▸ **COLLECTED MATERIAL**
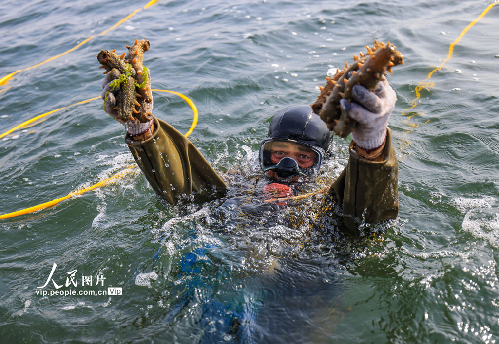 2021年4月20日,在山東省榮成市虎山鎮天海灣海參養殖海區,“海猛子”在展示捕撈的海參。李信君攝(人民圖片網)
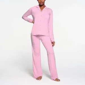 Skims Sleep Long Sleeve Button Up Set - Bubble Gum
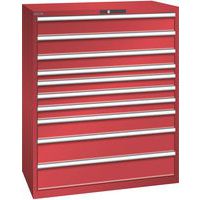 Lista műhelyfiókos szekrény, 1193x725x1450 mm, 200kg, 10 fiók, piros Lista műhelyfiókos szekrény, 1193x725x1450 mm, 200kg, 10 fiók, piros
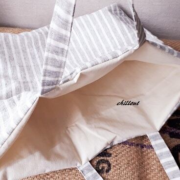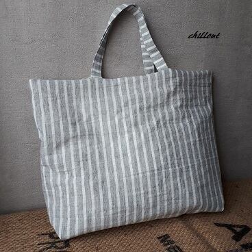 ワッシャーリネンのブルーボーダーのトートバッグが出来上がりました!

▸ **WHAT YOU NEED TO DO**
Working from the line containing "Skims Sleep Long" to the last line of the data, retype every line exactly, both ends included, and leave out all pictures.

▸ **SOLUTION TO THIS EXERCISE**
 Skims Sleep Long Sleeve Button Up Set - Bubble Gum
 Lista műhelyfiókos szekrény, 1193x725x1450 mm, 200kg, 10 fiók, piros Lista műhelyfiókos szekrény, 1193x725x1450 mm, 200kg, 10 fiók, piros
 ワッシャーリネンのブルーボーダーのトートバッグが出来上がりました!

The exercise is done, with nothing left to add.